Une phrase de Siné a mobilisé contre elle et son prétendu antisémitisme les grandes consciences sans lesquelles nous ne saurions pas quoi penser [1].

De Philippe Val, écrivions-nous, nous n’avons, provisoirement, rien à dire que nous n’ayons déjà dit depuis longtemps, tant ses qualités de patron de presse et de journaliste, attachés l’un et l’autre à un usage immodéré des calomnies, nous sont depuis longtemps familières. De Bernard-Henri Lévy, écrivions-nous aussi, nous ne dirons, provisoirement, rien de plus : c’est grâce à son propre soleil qu’il brille à tous propos et en toutes saisons.

Laurent Joffrin, en revanche, en sa double qualité de journaliste et tenancier de la « Maison commune de toute la gauche » (c’est ainsi qu’il présente Libération [2]…) mérite toute notre attention (que nous aurions pu accorder, il est vrai, à quelques autres). Il la mérite d’autant plus que dans le jour où il éditorialise, il saute de surcroît de « rebond » en « rebond ». Consacré à la phrase de Siné, un premier « rebond » - « Charlie Hebdo  : sanctionner l’antisémitisme » - nous avait déjà valu d’éprouvantes leçons d’arrogance et d’ignorance. Quant au second …

... Sous le titre « Siné, suite… », le directeur de Libération, en homme de raison (évidemment...), réagissant à l’émotion (forcément...) suscitée par sa précédente leçon de journalisme (et de morale), annonce dans un nouveau « Rebond » publié le 28 juillet : « Le « rebond » publié sous ma plume vendredi (« Charlie Hebdo : sanctionner l’antisémitisme ») a suscité quelque émotion , notamment sur les forums du site Liberation.fr. Bien entendu, nous donnerons la parole dans le journal à ceux qui pensent autrement. Quelques précisions, en attendant. »

Quelles précisions ? « Outre l’emploi dans mon texte d’un mot inapproprié (1), la question principale est factuelle », déclare Laurent Joffrin.

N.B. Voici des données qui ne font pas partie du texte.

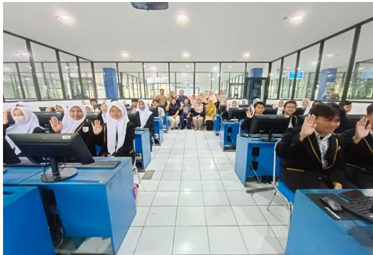
Gambar 2. Pelatihan Bersama Kepala Sekolah SMK Triguna 1956

acara PKM. Kegiatan ini bertujuan untuk meningkatnya kompetensi para siswa dalam menggunakan excel khususnya dalam hal mengembangkan sebuah aplikasi akuntansi ataupun aplikasi keuangan lainnya akan sangat melatih logika berpikir serta tingkat efisiensi dan efektifitas dalam bekerja nantinya. Adapun dokumentasi kegiatan tersebut dapat dilihat pada Gambar 2.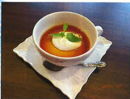
—かぼちゃプリン— 甘味の強いかぼちゃは お菓子作りにぴったりです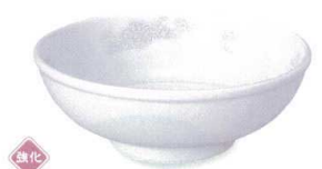
強化 656-401-262 6,200円 スーパーチャイナ華清(絵付)7.0寸玉井(21.2×7.8-1350cc) 865810326 656-402-262 4,600円 スーパーチャイナ華清(絵付)6.5寸玉井(19.3×7.2-1050cc) 865810426 656-403-262 3,550円 スーパーチャイナ華清(絵付)5.0寸玉井(15.6×6.2-570cc) 865810526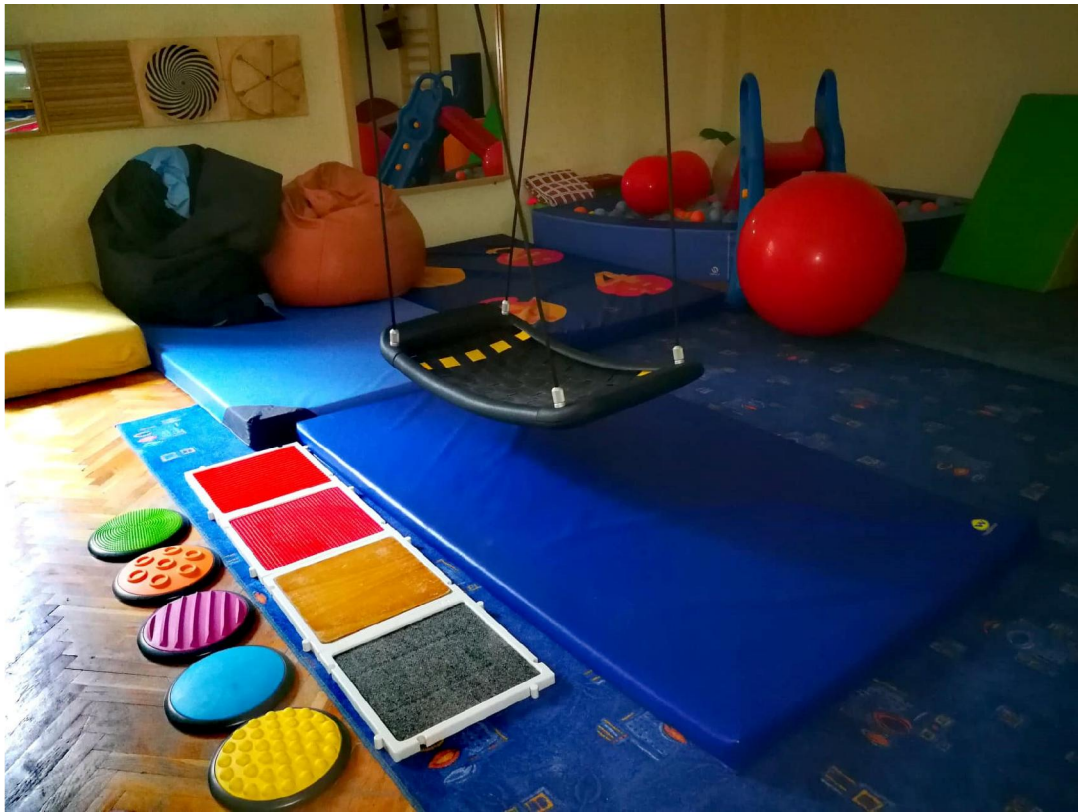
Slika 6 Soba za senzornu integraciju u Centru za autizam Zagreb 121

Poput drugih odgojno-obrazovnih sadržaja, u Centru za autizam, tako i sadržaji glazbene kulture slijede kalendarsku i crkvenu godinu, tj. određene melodije povezuju se uz određeno godišnje doba ili blagdan, čime se postiže organizirani protok vremena. Glazbene stimulacije ispunjene su raznim glazbenim sadržajima, kako bi se svakom djetetu pružila mogućnost potpunog emocionalnog doživljaja. Djeca se mogu služiti instrumentima poput udaraljki, klavijatura te nekih puhaćih i trzalačkih instrumenata. Time dijete počinje shvaćati da zajedno s terapeutom može postići neki zadovoljavajući glazbeni oblik, što mu pruža ugodu i zadovoljstvo.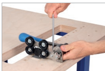
Fissare il tagliacatena sul banco di lavoro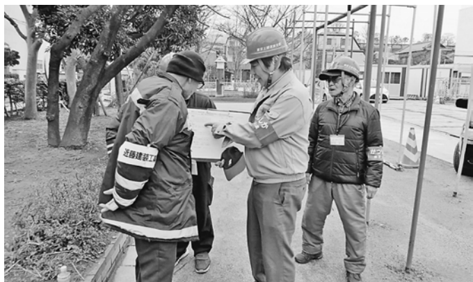
アンケートへ回答

3月6日、8日の二日間、賃金対策部では、部員と役員を中心に、葛飾区の公共工事の現場で現場実態調査を行いました。 6日はこすげ小学校外壁改修工事現場、8日は金町小学校解体工事現場で、それぞれアンケート活動を行いました。現場従事者の就労実態を捉えるため、職種や年齢、経験年数、労働時間などを調査しました。また、建退共の加入も確認し、現場での利用状況も確認しました。 これらの結果を集計し、今後、自治体交渉などに役立てていきます。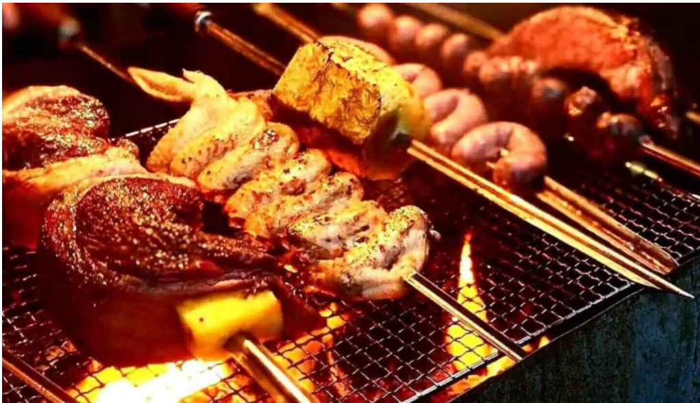
オパッキアマラド オーナー提供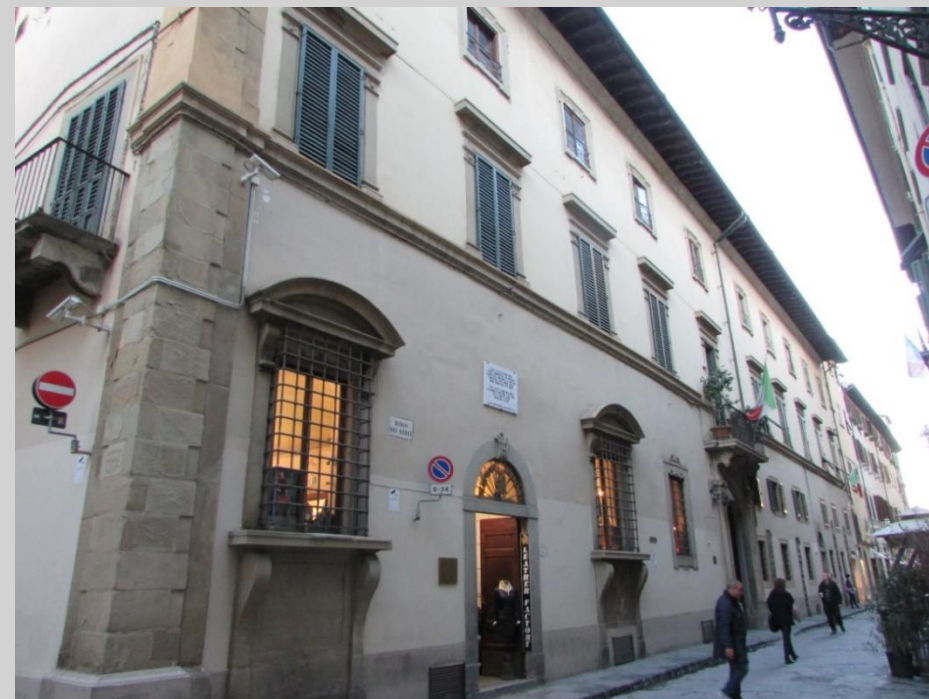
Palazzo di Ubaldino Peruzzi (740)

.. fine 500-inizio 600 tardo manierista. Opera attribuita a Gherardo Silvani.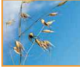
Kısır Yabani Yulaf ( Avena sterilis )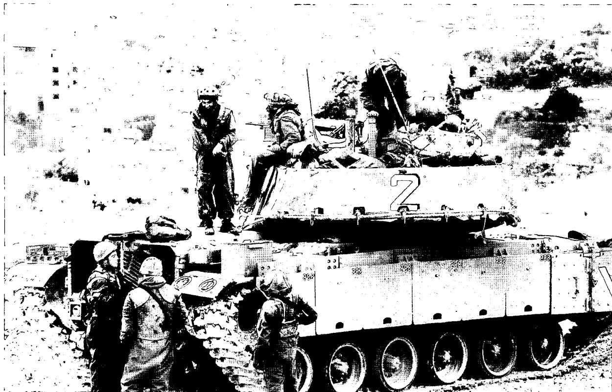
טנק של צה"ל - בפאתי יישוב פלסטיני

מגוונות. אנחנו משתמשים בקשת רחבה מאוד של שיטות ואמצעים. לא הכול חשוף לציבור, וטוב שכך. צריך לזכור שזו מערכה מאוד מורכבת - גם במישור המדיני, גם במישור הצבאי, גם במישור התודעתי, גם במישור הפסיכולוגי, גם במישור הכלכלי וגם במישור התקשורתי". 1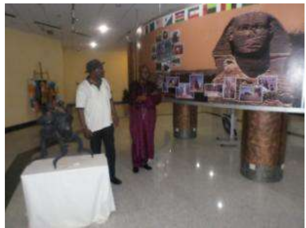
Il y a un musée situé au cœur du monument de la renaissance africaine.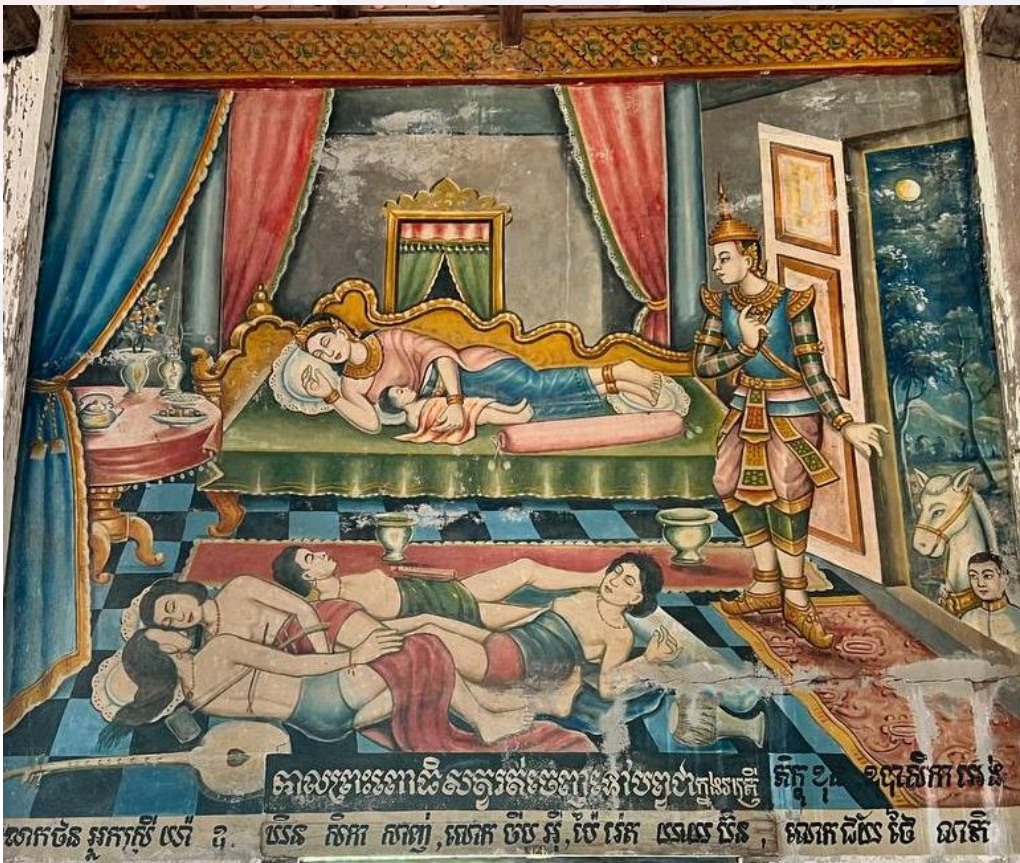
រូបលេខ៦ គំនូរវត្តសំរិទ្ធជ័យរាម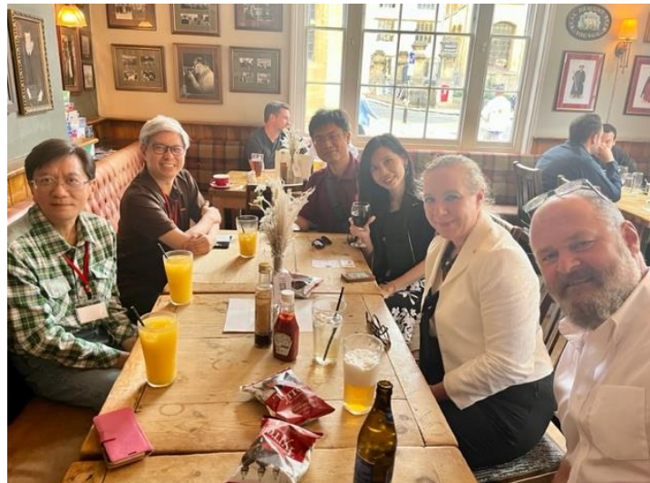
圖 10. 牛津大學 Hertford College 主辦交流之夜(Group Leader's night) ，組長盈好教授代表本校出席，並與其他暑期交流大學代表包括台灣大學國際處，東華大學國際處，香港樹仁大學等代表學者與國際處行政同仁交流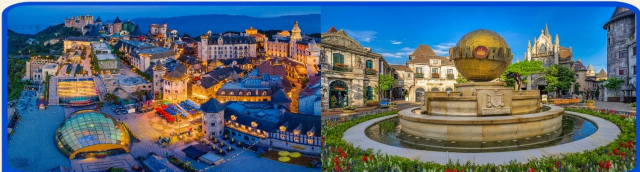
พักผ่อน บานาฮิลล์ 1 คืน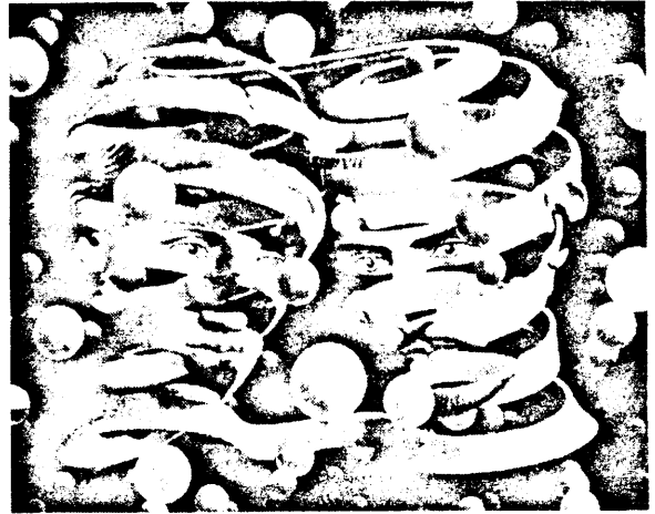
◊ LITOGRAFI av M C Escher.

"Jag har inte den minsta aning om någon har haft sexualumgänge. Jag är säker på att andevägledarna hjälpte människor med dessa problem.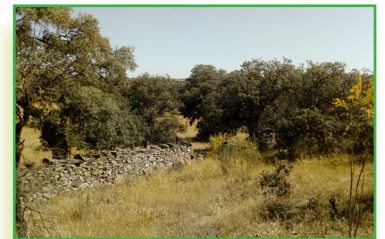
Mura de granito y dehesa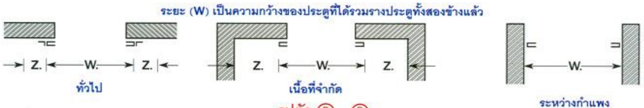
รูปตัด (B) - (B)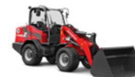
5680 Z 45 kW (61 CV) 55 kW (75 CV)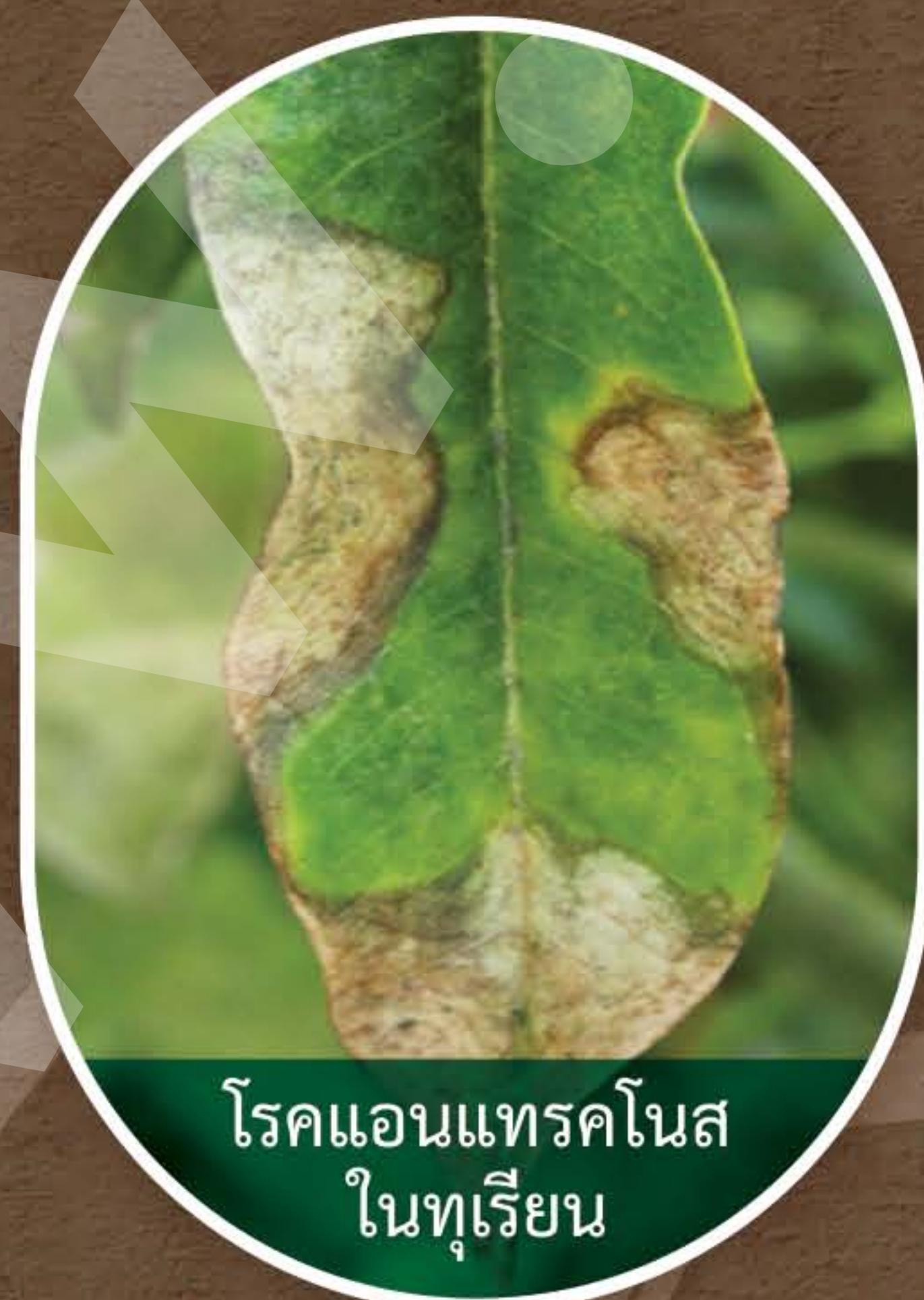
โรคแอนแทรคโนส ในทุเรียน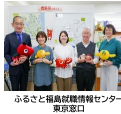
ふるさと福島就職情報センター 東京窓口

テクノアカデミーにおける次世代航空関連産業に関する 講義時間数：<894/500H>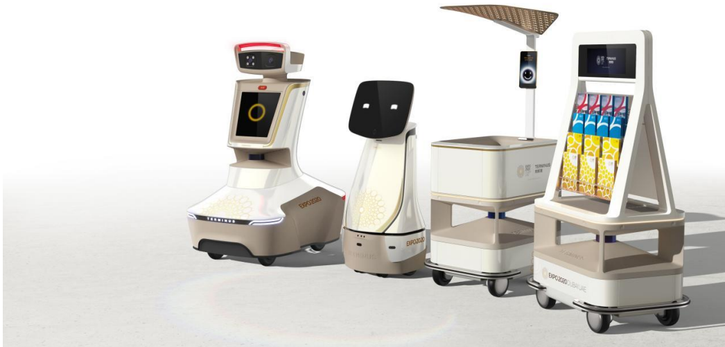
多款特斯聯智慧型機器人將為 2020 年迪拜世博會提供服務

在迪拜世博會正式召開期間，特斯聯將在會上部署超過 150 台智慧型機器人，並將和大會吉祥物機器人 Opti 一起與各國遊客展開互動，利用多模態交互、5G 无人驾驶、AI 建圖和物體探測等技術 多样化功能 ， 为展会 提供訪客迎接與 游客 互動、信息問訊、 安保巡邏 、 餐飲 飲食配送等服務。

Fugitive apparition et introuvables précisions

Quel est ce « mot inapproprié » qui est si peu important qu’il n’est mentionné que dans la simple note consacrée à son emploi ? Ladite note nous l’apprend. « (1) L’apparition du mot « race » dans un texte antiraciste n’est pas heureuse », concède Laurent Joffrin qui poursuit : « Ainsi, comme la chose a été corrigée immédiatement sur le Net, il faut lire dans l’article de vendredi : « On peut choisir sa religion mais pas son origine. » L’emploi du mot « race » ? Une simple « apparition »... Une faute grossière ? Même pas : tout juste une maladresse stylistique. Laurent est avec Joffrin d’une grande indulgence…

.. que l’on pourrait partager si la connerie était reconnue pour ce qu’elle est : une grave connerie (que nous avons relevée ici-même, sous le titre « Laurent Joffrin et la "race" juive » : un "mot mal choisi", dit-il ».

Reste donc la « question principale » qui serait « factuelle ». Laurent Joffrin la résume ainsi : « Les défenseurs de Siné clament que son texte n’a rien d’antisémite. Je tiens qu’il l’est : tout est là, l’association du juif, de l’argent et du pouvoir dans une phrase qui stigmatise l’arrivisme d’un individu (il s’allie à une juive riche pour parvenir) fait partie des clichés les plus classiques de cette littérature. Voilà mon raisonnement. Il existe de nombreux livres sur la question, les pétitionnaires peuvent s’y reporter avec profit. »

Qu’y a-t-il de « factuel » dans cette juxtaposition d’assertions péremptoires ? Rien. Des précisions ? Aucune. Un raisonnement ? Aucun. Laurent Joffrin répète (parfois au mot près…) ce que d’autres ont dit avant lui. Par exemple Yvan Rioufol, sur son Blog : « Il y a de l’antisémitisme dans l’amalgame entre le juif, l’argent, le pouvoir [3]. »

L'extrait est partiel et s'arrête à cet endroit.